• AVAILABLE DATA:
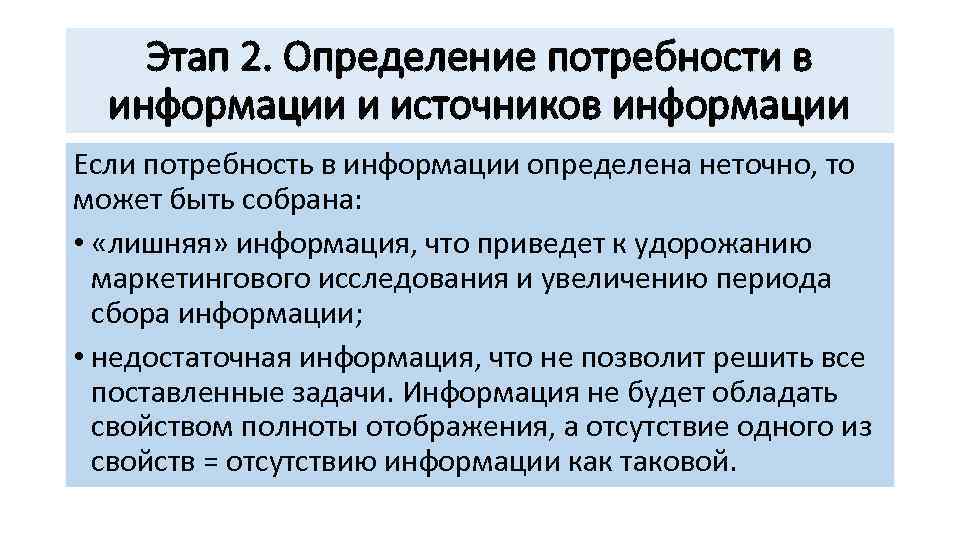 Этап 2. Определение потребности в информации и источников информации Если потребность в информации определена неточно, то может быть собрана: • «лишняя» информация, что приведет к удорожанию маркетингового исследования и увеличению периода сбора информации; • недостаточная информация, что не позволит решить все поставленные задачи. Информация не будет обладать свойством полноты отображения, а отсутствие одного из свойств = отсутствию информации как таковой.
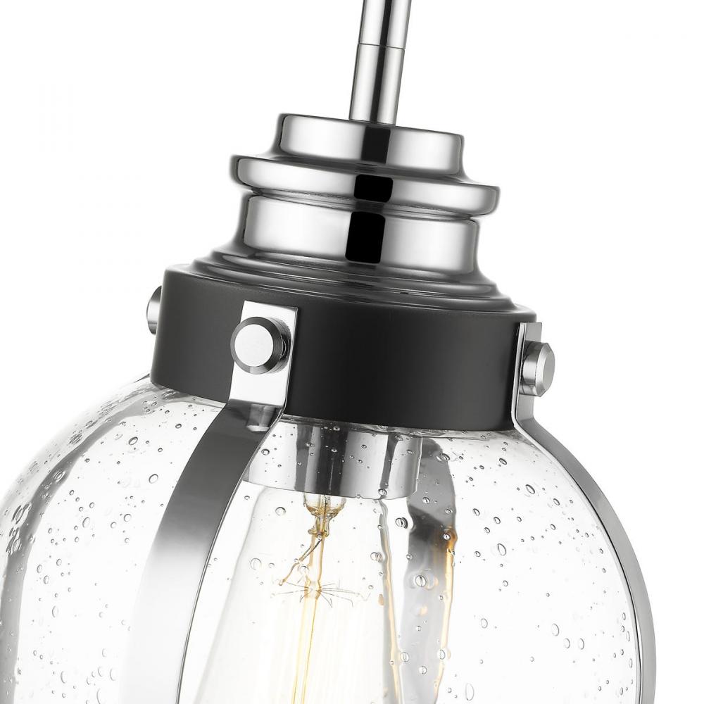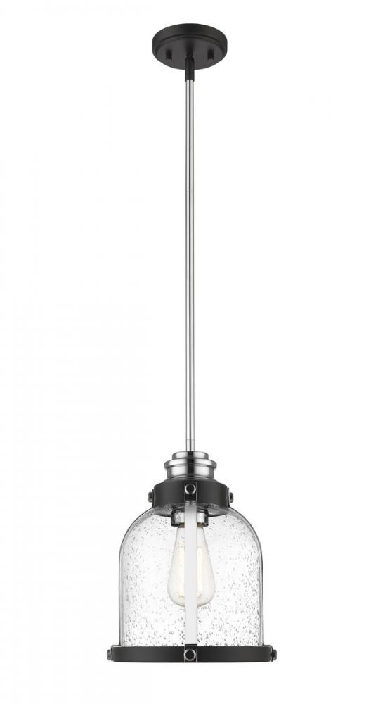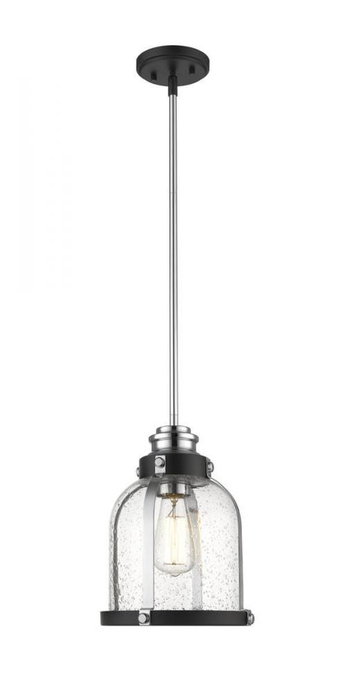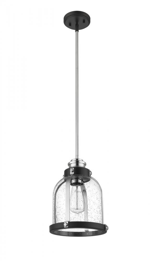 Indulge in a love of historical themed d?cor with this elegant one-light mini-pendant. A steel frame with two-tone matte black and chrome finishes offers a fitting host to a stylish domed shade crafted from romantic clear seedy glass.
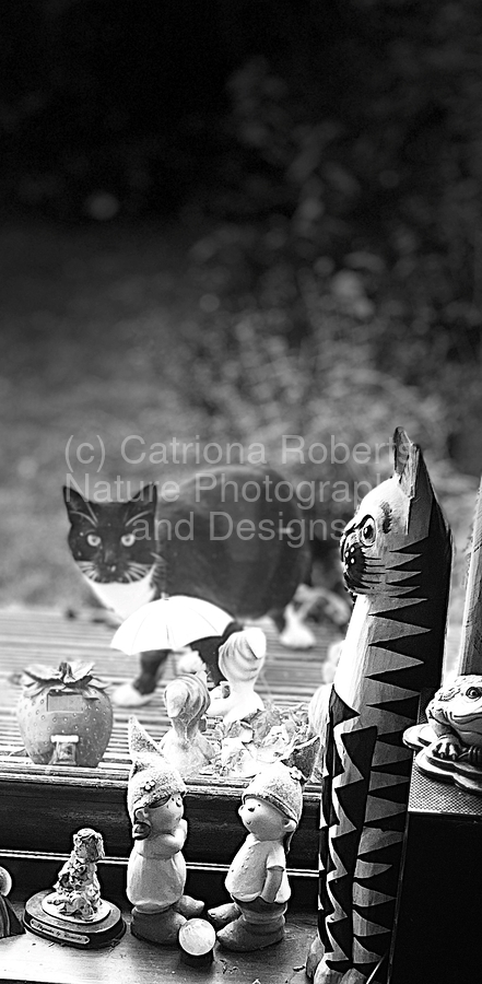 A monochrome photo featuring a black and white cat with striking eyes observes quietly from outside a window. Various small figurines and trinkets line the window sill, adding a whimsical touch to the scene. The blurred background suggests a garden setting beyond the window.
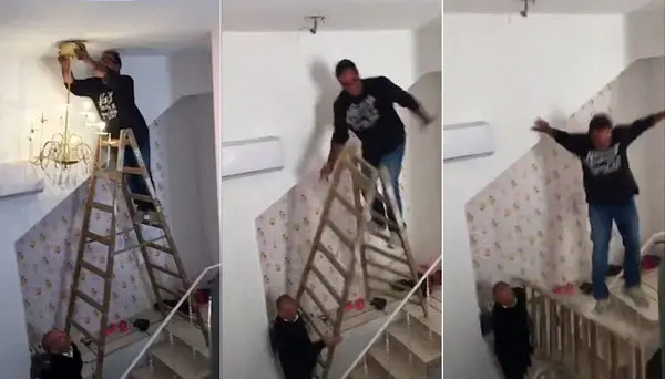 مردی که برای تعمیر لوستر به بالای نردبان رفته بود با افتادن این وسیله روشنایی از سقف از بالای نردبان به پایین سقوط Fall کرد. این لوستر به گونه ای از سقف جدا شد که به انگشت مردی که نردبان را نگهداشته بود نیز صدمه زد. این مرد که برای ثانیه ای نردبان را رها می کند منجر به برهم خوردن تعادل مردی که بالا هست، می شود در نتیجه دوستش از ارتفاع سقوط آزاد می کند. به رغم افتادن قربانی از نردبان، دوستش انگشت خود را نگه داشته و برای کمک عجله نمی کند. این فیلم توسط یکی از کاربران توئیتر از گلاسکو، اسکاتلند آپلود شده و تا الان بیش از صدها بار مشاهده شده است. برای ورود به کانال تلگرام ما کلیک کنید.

• TASK STATEMENT: Reproduce the full listing verbatim so that only the pictures are missing.

• SOLUTION FOR THIS PROBLEM:
 Этап 2. Определение потребности в информации и источников информации Если потребность в информации определена неточно, то может быть собрана: • «лишняя» информация, что приведет к удорожанию маркетингового исследования и увеличению периода сбора информации; • недостаточная информация, что не позволит решить все поставленные задачи. Информация не будет обладать свойством полноты отображения, а отсутствие одного из свойств = отсутствию информации как таковой.
 Indulge in a love of historical themed d?cor with this elegant one-light mini-pendant. A steel frame with two-tone matte black and chrome finishes offers a fitting host to a stylish domed shade crafted from romantic clear seedy glass.
 A monochrome photo featuring a black and white cat with striking eyes observes quietly from outside a window. Various small figurines and trinkets line the window sill, adding a whimsical touch to the scene. The blurred background suggests a garden setting beyond the window.
 مردی که برای تعمیر لوستر به بالای نردبان رفته بود با افتادن این وسیله روشنایی از سقف از بالای نردبان به پایین سقوط Fall کرد. این لوستر به گونه ای از سقف جدا شد که به انگشت مردی که نردبان را نگهداشته بود نیز صدمه زد. این مرد که برای ثانیه ای نردبان را رها می کند منجر به برهم خوردن تعادل مردی که بالا هست، می شود در نتیجه دوستش از ارتفاع سقوط آزاد می کند. به رغم افتادن قربانی از نردبان، دوستش انگشت خود را نگه داشته و برای کمک عجله نمی کند. این فیلم توسط یکی از کاربران توئیتر از گلاسکو، اسکاتلند آپلود شده و تا الان بیش از صدها بار مشاهده شده است. برای ورود به کانال تلگرام ما کلیک کنید.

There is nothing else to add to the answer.